Background and Etymology
In hardware signal processing systems, a transducer is a device which converts one form of energy to another, e.g., audio waves to electrical, as in a microphone transducer. In other words, it transforms one kind of signal into another kind of signal. Likewise, a transducer in code converts from one signal to another signal.
Use of the word “transducers” and the general concept of composable pipelines of data transformations in software date back at least to the 1960s, but our ideas about how they should work have changed from one language and context to the next. Many software engineers in the early days of computer science were also electrical engineers. The general study of computer science in those days often dealt both with hardware and software design. Hence, thinking of computational processes as “transducers” was not particularly novel. It’s possible to encounter the term in early computer science literature — particularly in the context of Digital Signal Processing (DSP) and data flow programming.
In the 1960s, groundbreaking work was happening in graphical computing in MIT’s Lincoln Laboratory using the TX-2 computer system, a precursor to the US Air Force SAGE defense system. Ivan Sutherland’s famous Sketchpad, developed in 1961–1962, was an early example of object prototype delegation and graphical programming using a light pen.
Ivan’s brother, William Robert “Bert” Sutherland was one of several pioneers in data flow programming. He built a data flow programming environment on top of Sketchpad, which described software “procedures” as directed graphs of operator nodes with outputs linked to the inputs of other nodes. He wrote about the experience in his 1966 paper, “The On-Line Graphical Specification of Computer Procedures”. Instead of arrays and array processing, everything is represented as a stream of values in a continuously running, interactive program loop. Each value is processed by each node as it arrives at the parameter input. You can find similar systems today in Unreal Engine’s Blueprints Visual Scripting Environment or Native Instruments’ Reaktor, a visual programming environment used by musicians to build custom audio synthesizers.

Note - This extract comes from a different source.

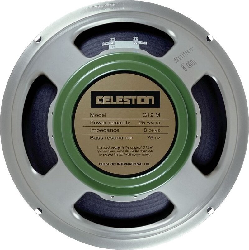 Klassikern G12M Greenback har varsamt utvecklats under årtionden; förbättringar har gjorts men den eftertraktade tonen är bibehållen utan kompromisser. Denna version uppvisar alla de egenskaper som är klassiska för G12M men attacken är bredare i mellanregistret och de högre frekvenserna är bättre kontrollerade. Dessa högtalare är perfekta för att ge klassiskt driv och definition till moderna "high gain"-stärkare.

Composed graph of operators from Bert Sutherland’s paper
As far as I’m aware, the first book to popularize the term “transducer” in the context of general purpose software-based stream processing was the 1985 MIT text book for a computer science course called “Structure and Interpretation of Computer Programs” (SICP) by Harold Abelson and Gerald Jay Sussman, with Julie Sussman. However, the use of the term “transducer” in the context of digital signal processing predates SICP.
Note: SICP is still an excellent introduction to computer science coming from a functional programming perspective. It remains my favorite book on the topic.
More recently, transducers have been independently rediscovered and a different protocol developed for Clojure by Rich Hickey (circa 2014), who is famous for carefully selecting words for concepts based on etymology. In this case, I’d say he nailed it, because Clojure transducers fill almost exactly the same niche as transducers in SICP, and they share many common characteristics. However, they are not strictly the same thing.
Transducers as a general concept (not specifically Hickey’s protocol specification) have had considerable impact on important branches of computer science including data flow programming, signal processing for scientific and media applications, networking, artificial intelligence, etc. As we develop better tools and techniques to express transducers in our application code, they are beginning to help us make better sense of every kind of software composition, including user interface behaviors in web and mobile apps, and in the future, could also serve us well to help manage the complexity of augmented reality, autonomous devices and vehicles, etc.
For the purpose of this discussion, when I say “transducer”, I’m not referring to SICP transducers, though it may sound like I’m describing them if you’re already familiar with transducers from SICP. I’m also not referring specifically to Clojure’s transducers, or the transducer protocol that has become a de facto standard in JavaScript (supported by Ramda, Transducers-JS, RxJS, etc…). I’m referring to the general concept of a higher-order reducer — a transformation of a transformation.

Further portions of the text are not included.